Unqualified COUNT(*) speed PBXT vs InnoDB

So this is about a SELECT COUNT(*) FROM tblname without a WHERE clause. MyISAM has an optimisation for that since it maintains a rowcount for each table. InnoDB and PBXT can’t do that (at least not easily) because of their multi-versioned nature… different transactions may see a different number of rows for the table table!

So, it’s kinda known but nevertheless often ignored that this operation on InnoDB is costly in terms of time; what InnoDB has to do to figure out the exact number of rows is scan the primary key and just tally. Of course it’s faster if it doesn’t have to read a lot of the blocks from disk (i.e. smaller dataset or a large enough buffer pool).

I was curious about PBXT’s performance on this, and behold it appears to be quite a bit faster! For a table with 50 million rows, PBXT took about 20 minutes whereas the same table in InnoDB took 30 minutes. Interesting!

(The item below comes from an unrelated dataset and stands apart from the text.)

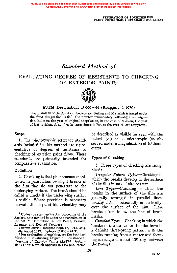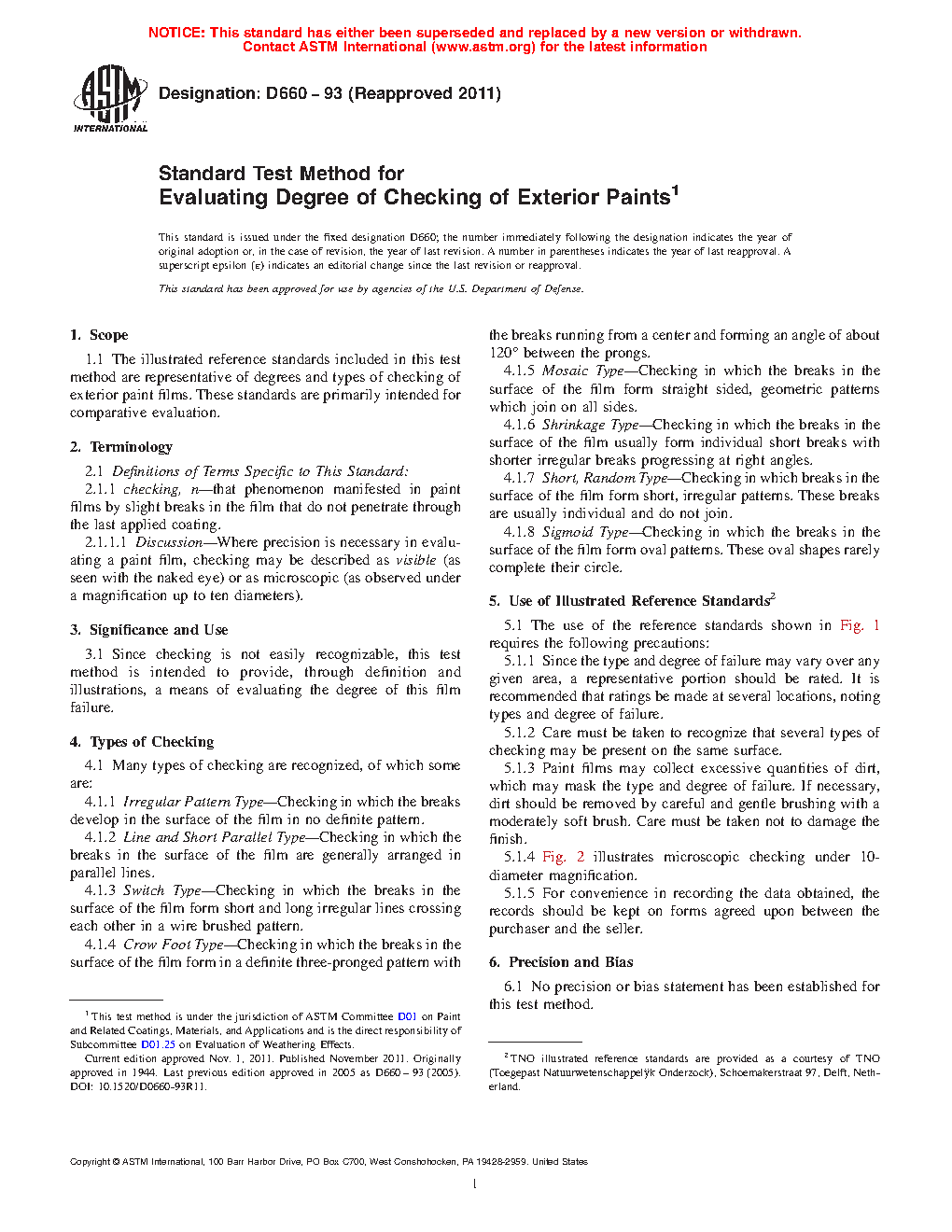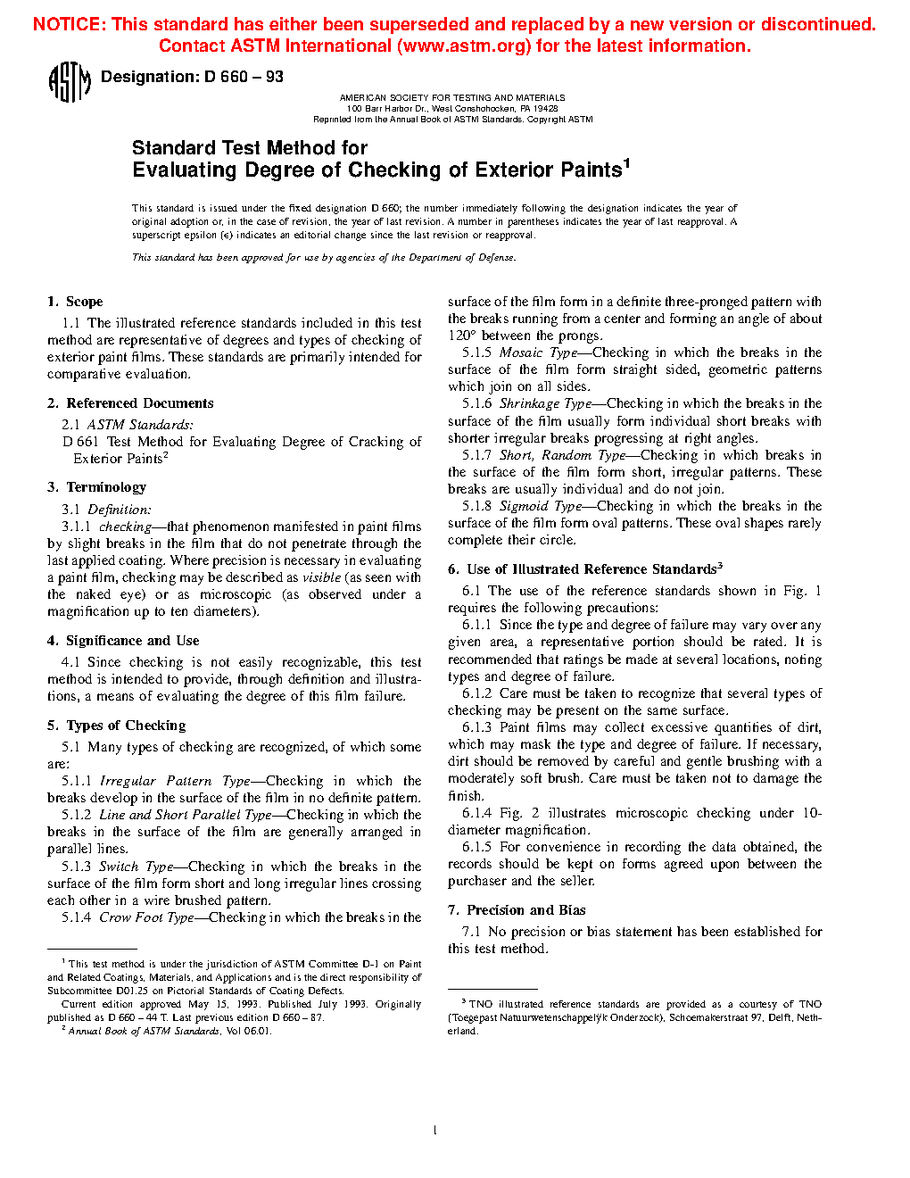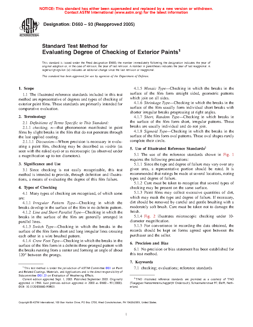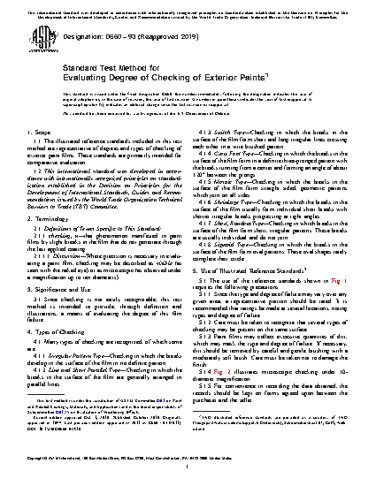 1.1 The illustrated reference standards included in this test method are representative of degrees and types of checking of exterior paint films. These standards are primarily intended for comparative evaluation.

From those numbers [addendum: yes I do realise there’s something else wrong on that server to take that long, but it’d be slow regardless] you can tell that doing the query at all is not an efficient thing to do, and definitely not something a frontend web page should be doing. Usually you just need a ballpark figure so running the query in a cron job and putting the value into memcached (or just an include file) will work well in such cases.

If you do use a WHERE clause, all engines (including MyISAM) are in the same boat… they might be able to use an index to filter on the conditions – but the bigger the table, the more work it is for the engine. PBXT being faster than InnoDB for this task makes it potentially interesting for reporting purposes as well, where otherwise you might consider using MyISAM – we generally recommend using a separate reporting slave with particular settings anyway (fewer connections but larger session-specific buffers), but it’s good to have extra choices for the task.

(In case you didn’t know, it’s ok for a slave to use a different engine from a master – so you can really make use of that ability for specialised tasks such as reporting.)